■ **Work item**
Among the entries below, find the line with "The room is made", then quote it and each following line up to and including the line with "Creaby pressure rivet", and nothing else.

■ **Data supplied**
BEGIN
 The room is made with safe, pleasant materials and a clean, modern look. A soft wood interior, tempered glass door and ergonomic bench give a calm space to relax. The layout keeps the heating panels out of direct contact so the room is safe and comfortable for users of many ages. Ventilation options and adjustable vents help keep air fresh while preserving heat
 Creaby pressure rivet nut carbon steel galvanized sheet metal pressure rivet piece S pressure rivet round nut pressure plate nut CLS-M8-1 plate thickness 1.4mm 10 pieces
END
BEGIN
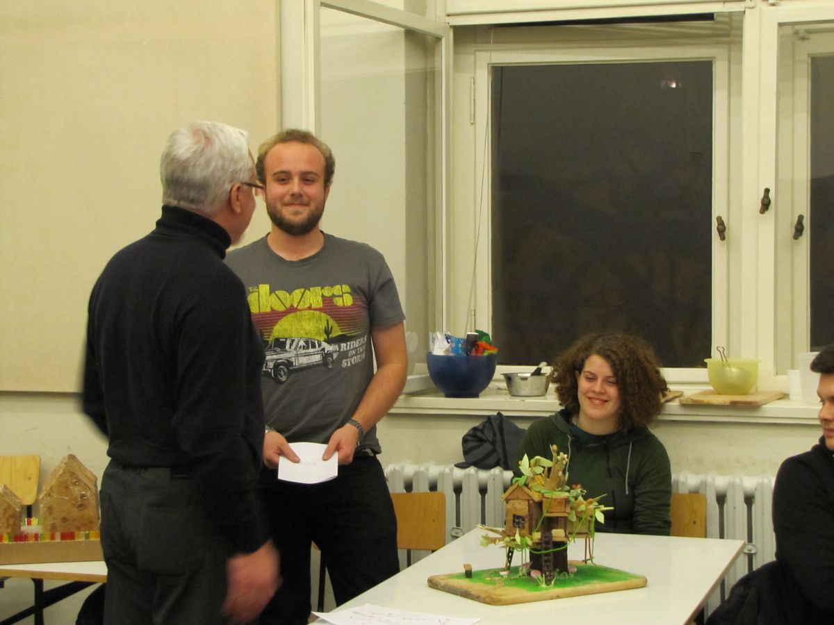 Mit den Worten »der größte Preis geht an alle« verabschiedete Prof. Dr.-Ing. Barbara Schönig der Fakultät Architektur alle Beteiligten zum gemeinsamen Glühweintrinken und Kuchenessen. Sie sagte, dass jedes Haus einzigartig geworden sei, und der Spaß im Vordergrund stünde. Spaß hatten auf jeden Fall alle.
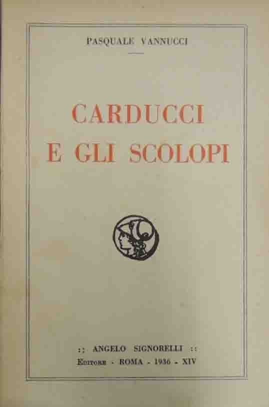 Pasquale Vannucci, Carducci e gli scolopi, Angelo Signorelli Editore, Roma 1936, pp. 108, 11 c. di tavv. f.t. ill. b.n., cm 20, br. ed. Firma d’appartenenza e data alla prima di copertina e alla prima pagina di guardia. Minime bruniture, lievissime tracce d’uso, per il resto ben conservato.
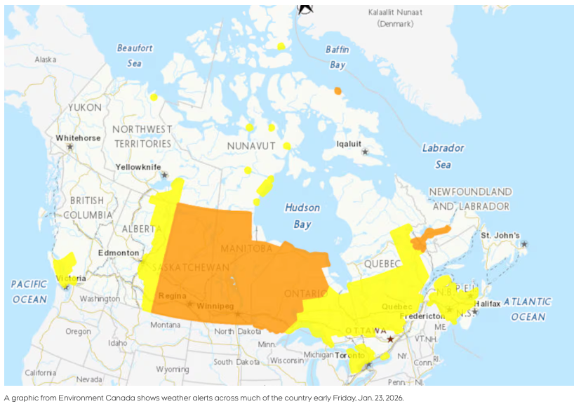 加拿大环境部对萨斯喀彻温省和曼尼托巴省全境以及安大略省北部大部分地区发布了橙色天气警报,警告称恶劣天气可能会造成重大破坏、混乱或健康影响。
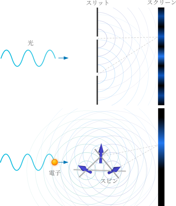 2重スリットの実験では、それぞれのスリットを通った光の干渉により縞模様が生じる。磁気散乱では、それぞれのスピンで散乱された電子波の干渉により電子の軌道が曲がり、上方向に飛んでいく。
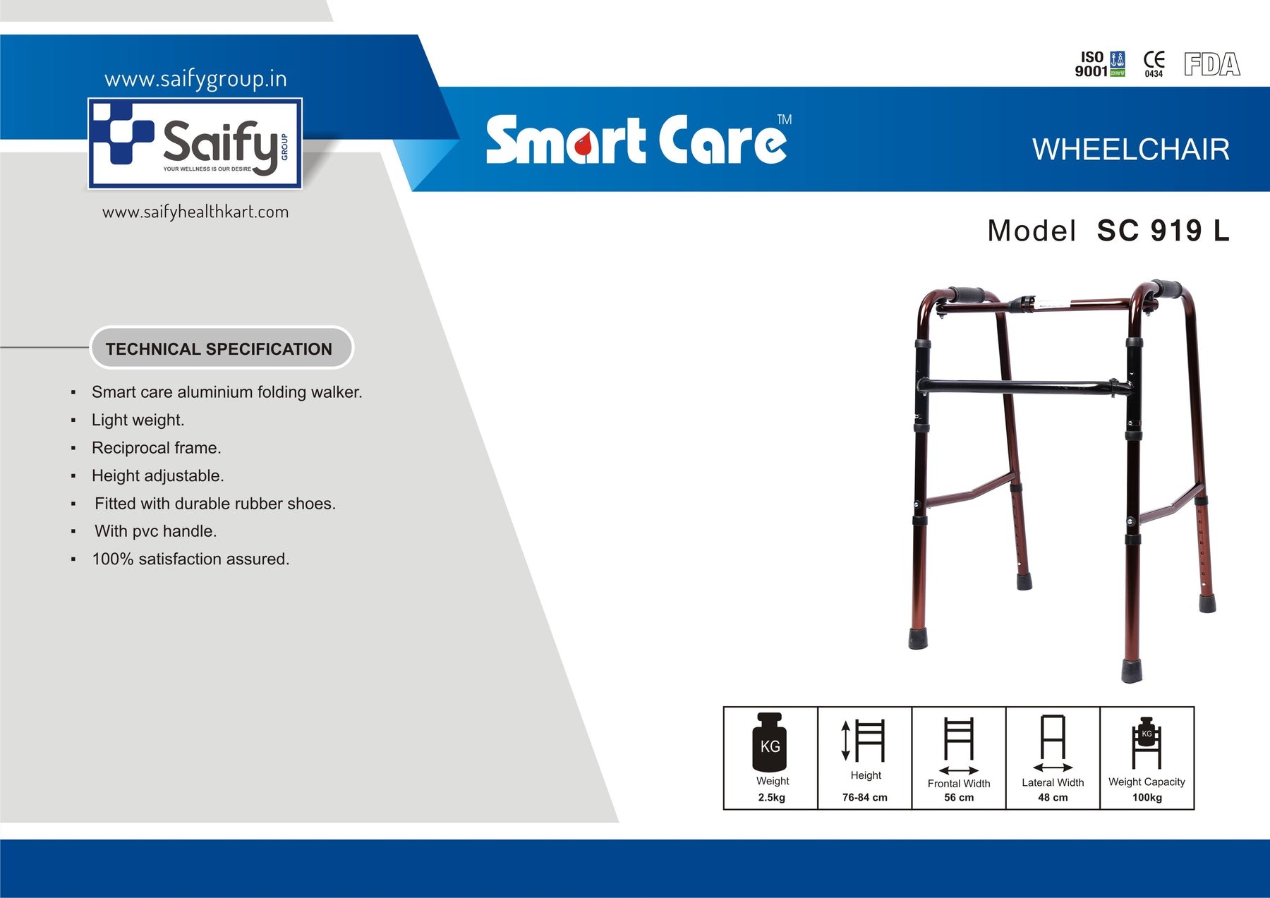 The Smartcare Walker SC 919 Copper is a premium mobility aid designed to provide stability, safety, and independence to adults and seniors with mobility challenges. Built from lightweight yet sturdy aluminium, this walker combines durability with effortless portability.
END
BEGIN
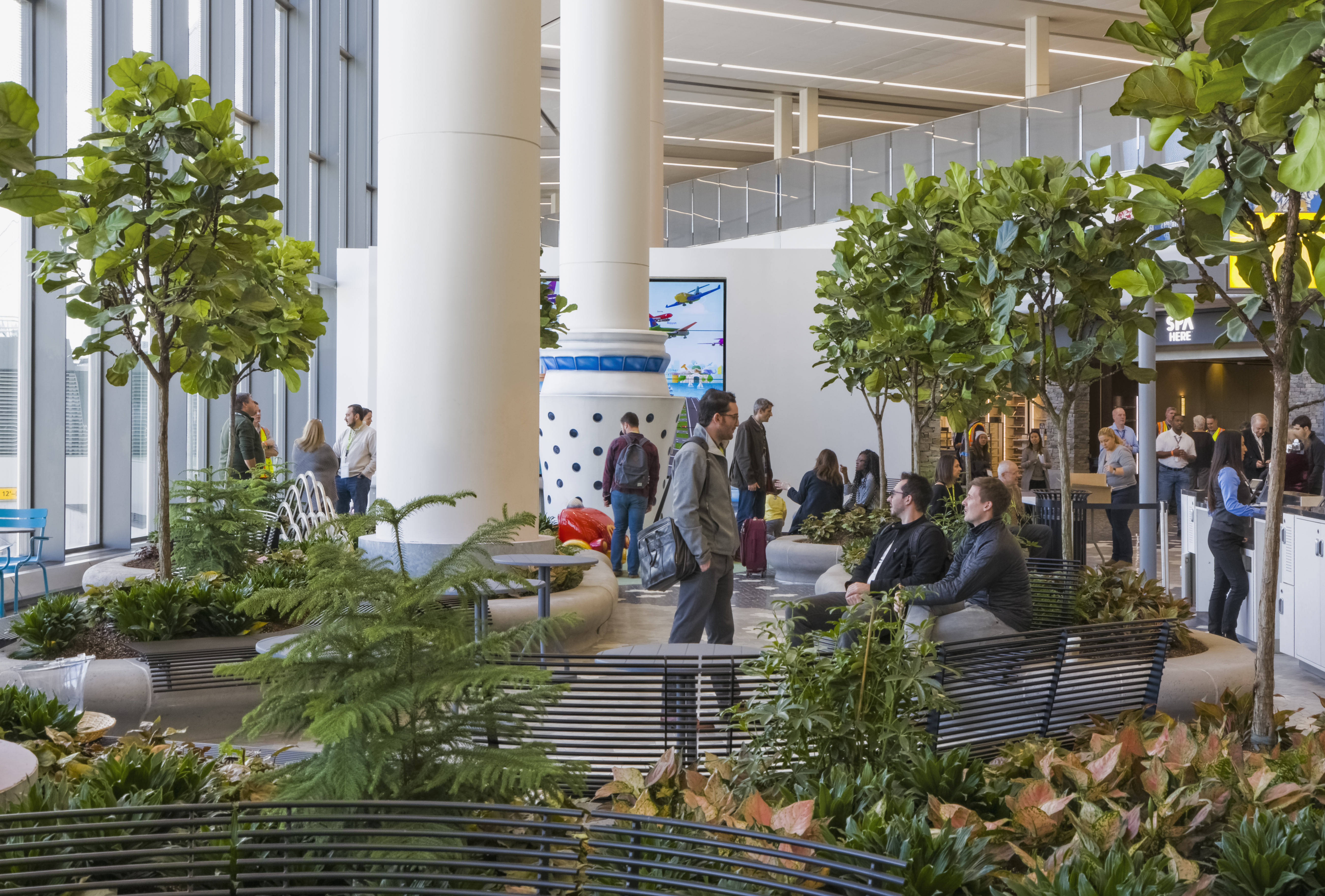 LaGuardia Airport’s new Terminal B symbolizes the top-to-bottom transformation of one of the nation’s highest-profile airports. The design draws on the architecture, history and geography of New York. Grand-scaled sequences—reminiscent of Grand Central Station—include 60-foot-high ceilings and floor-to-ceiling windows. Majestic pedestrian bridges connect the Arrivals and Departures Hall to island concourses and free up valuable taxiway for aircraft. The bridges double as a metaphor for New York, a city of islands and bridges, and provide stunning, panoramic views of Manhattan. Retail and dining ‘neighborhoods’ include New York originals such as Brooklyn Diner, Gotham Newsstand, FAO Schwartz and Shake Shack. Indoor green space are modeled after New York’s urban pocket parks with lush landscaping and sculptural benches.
END
■ **Output below**
 The room is made with safe, pleasant materials and a clean, modern look. A soft wood interior, tempered glass door and ergonomic bench give a calm space to relax. The layout keeps the heating panels out of direct contact so the room is safe and comfortable for users of many ages. Ventilation options and adjustable vents help keep air fresh while preserving heat
 Creaby pressure rivet nut carbon steel galvanized sheet metal pressure rivet piece S pressure rivet round nut pressure plate nut CLS-M8-1 plate thickness 1.4mm 10 pieces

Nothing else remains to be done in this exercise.